Page MenuHomePhorge

Generate [From, Subject, Date] fields in download raw .diff URL to support "git am" and friends
Open, NormalPublic

Description

Hello folks,

As directed, re-submitting https://we.phorge.it/Q46 here:

FreeBSD project gets contributions from multiple sources. Aside from our Phabricator instance we get a good volume of contributions from github.com.
Many FreeBSD maintainers are using "download raw diff" functionality both on github and on Phab to download the patch and then apply it using git am.
Very often the person committing the change is not the same person that authored the change.
Unfortunately Phabricator/Phorge does not include the ownership/attribution information of the patch. Consider these 2 diffs:

As you can see github generates lines From, Date, Subject, emulating email message.

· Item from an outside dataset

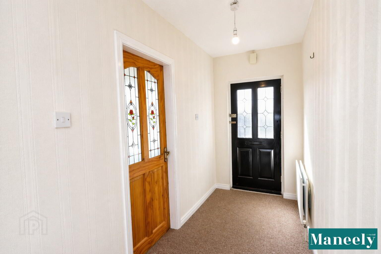 Accessed via a wooden front door with decorative glass panels, the welcoming entrance hall is spacious and finished with carpet flooring, complete with convenient internet access points.

This makes it really handy to feed this into git-am
Without this the information about the Author of the change is lost.

man git-am :

The commit author name is taken from the "From: " line of the message,
     and commit author date is taken from the "Date: " line of the message.
     The "Subject: " line is used as the title of the commit, after
     stripping common prefix "[PATCH <anything>]". The "Subject: " line is
     supposed to concisely describe what the commit is about in one line of
     text.

Attribution information is necessary to generate correct commit messages.
Example change that I authored, but did not commit

Today FreeBSD maintainers need to add attribution manually when downloading diffs from Phabricator.
Is it possible to add this feature to Phorge? It feels like it shouldn't be too hard todo, considering that Phorge knows author's email, name and date of the submission of the Diff


Hours invested7

(Feel free to increase ↑)

Event Timeline

I don't mind if someone points me at the right place in code so I can try my luck with writing PHP.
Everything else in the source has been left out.